Read the [pyparsing documentation](https://github.com/pyparsing/pyparsing/#readme) for more

### The `Whitespace` Context

The `mo_parsing.whitespaces.CURRENT` is used during parser creation: It is effectively defines what "whitespace" to skip during parsing, with additional features to simplify the language definition.  You declare "standard" `Whitespace` like so:

    with Whitespace() as whitespace:
        # PUT YOUR LANGUAGE DEFINITION HERE (space, tab and CR are "whitespace")

If you are declaring a large language, and you want to minimize indentation, and you are careful, you may also use this pattern:

    whitespace = Whitespace().use()
    # PUT YOUR LANGUAGE DEFINITION HERE
    whitespace.release()

The whitespace can be used to set global parsing parameters, like

* `set_whitespace()` - set the ignored characters (default: `"\t\n "`)
* `add_ignore()` - include whole patterns that are ignored (like comments)
* `set_literal()` - Set the definition for what `Literal()` means
* `set_keyword_chars()` - For default `Keyword()` (important for defining word boundary)

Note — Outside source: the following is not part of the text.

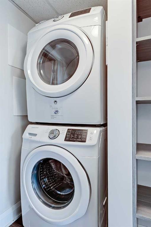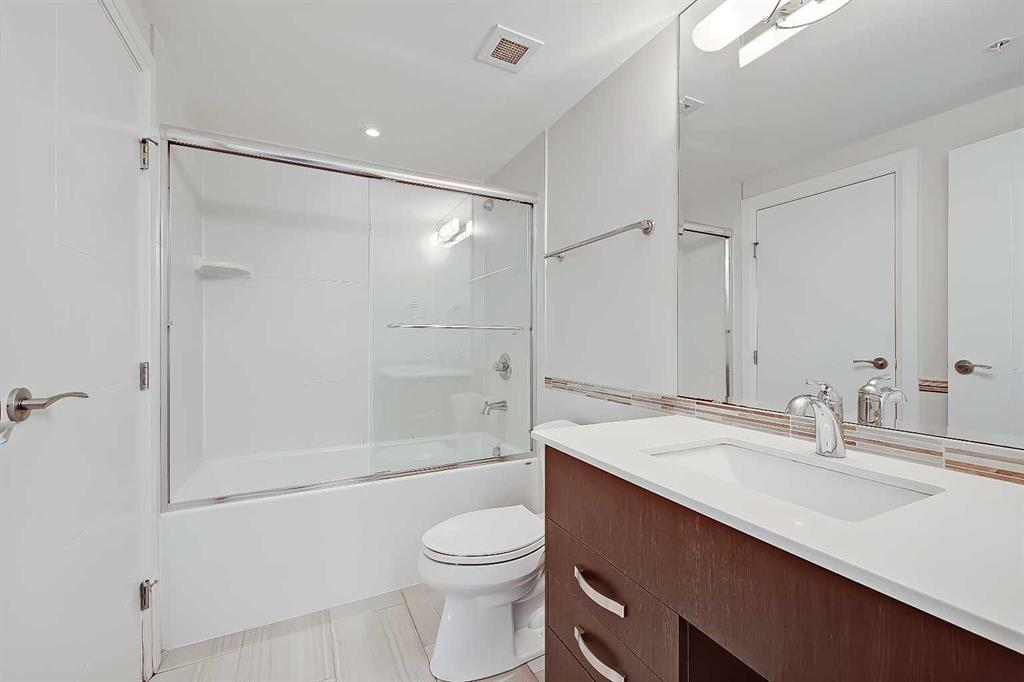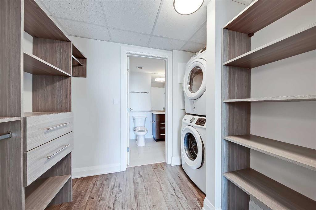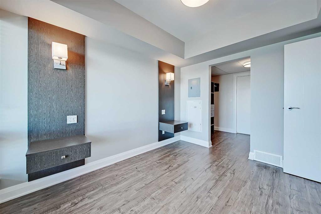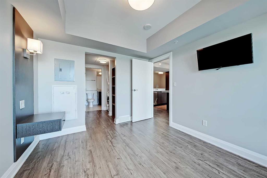 The bedroom features a ceiling-height window overlooking the balcony and the city beyond, custom wall panelling with built-in side tables, wall sconce lighting, a convenient receptacle with a USB port, and an included wall-mounted TV. The vast walk-thru closet features built-in custom organizers as well as a stacked in-suite laundry. The oversized closet also provides cheater access to the main 4-piece bathroom complete with occupancy-sensored lights, quartz countertops, tile wainscoting, an undermount sink with a modern faucet, a tile backsplash, a modern vanity with storage, tile flooring, and a large tub/shower combo with full-height tile and an upgraded glass door.

### Navigating ParseResults

The results of parsing are in `ParseResults` and are in the form of an n-ary tree; with the children found in `ParseResults.tokens`.  Each `ParseResult.type` points to the `ParserElement` that made it.  In general, if you want to get fancy with post processing (or in a `parse_action`), you will be required to navigate the raw `tokens` to generate a final result

There are some convenience methods;  
* `__iter__()` - allows you to iterate through parse results in **depth first search**. Empty results are skipped, and `Group`ed results are treated as atoms (which can be further iterated if required) 
* `name` is a convenient property for `ParseResults.type.token_name`
* `__getitem__()` - allows you to jump into the parse tree to the given `name`. This is blocked by any names found inside `Group`ed results (because groups are considered atoms).      

### Parse Actions

Parse actions are methods that run after a ParserElement found a match. 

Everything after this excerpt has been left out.